WHAT IS REQUIRED
The expected output is exactly the lines below, starting at the line with "小臂令人难以置信的黑白基督教符号纹身图案" and ending at the line with "それぞれそりやチューブ滑りを", both included; no other line belongs in it.

LISTED RECORDS
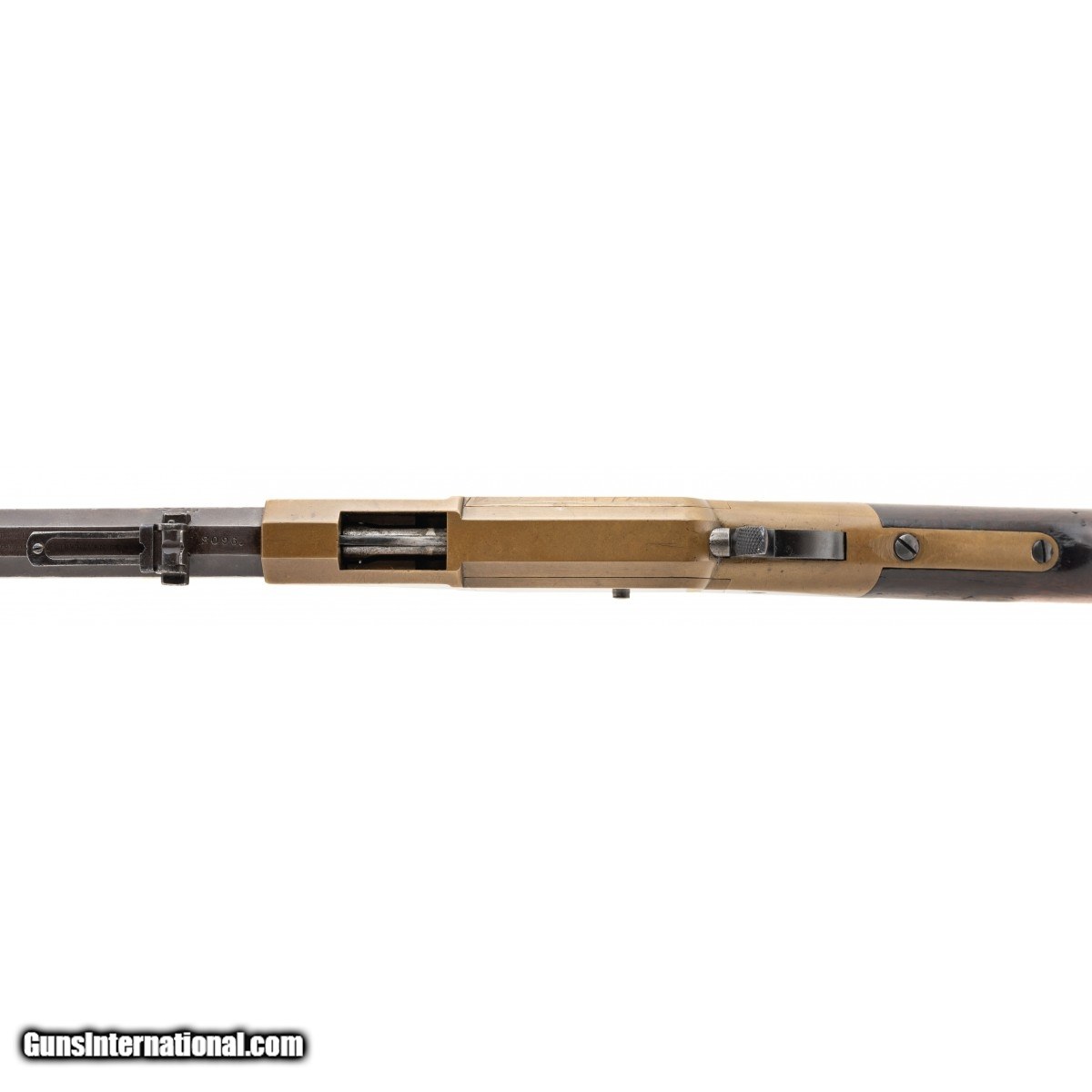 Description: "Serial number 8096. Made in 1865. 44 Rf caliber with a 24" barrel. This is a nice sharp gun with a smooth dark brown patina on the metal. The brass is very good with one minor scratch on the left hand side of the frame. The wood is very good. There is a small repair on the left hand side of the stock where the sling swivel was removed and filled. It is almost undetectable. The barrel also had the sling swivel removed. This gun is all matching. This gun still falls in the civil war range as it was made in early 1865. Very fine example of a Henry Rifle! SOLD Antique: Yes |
* * *
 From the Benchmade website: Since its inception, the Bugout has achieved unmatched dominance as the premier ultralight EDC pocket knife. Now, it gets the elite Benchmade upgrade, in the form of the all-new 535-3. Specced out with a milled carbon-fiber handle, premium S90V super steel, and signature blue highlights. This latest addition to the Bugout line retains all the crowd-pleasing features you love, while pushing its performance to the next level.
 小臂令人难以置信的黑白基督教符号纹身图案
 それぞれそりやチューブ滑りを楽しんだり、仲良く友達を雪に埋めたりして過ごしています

PROBLEM SOLUTION
 小臂令人难以置信的黑白基督教符号纹身图案
 それぞれそりやチューブ滑りを楽しんだり、仲良く友達を雪に埋めたりして過ごしています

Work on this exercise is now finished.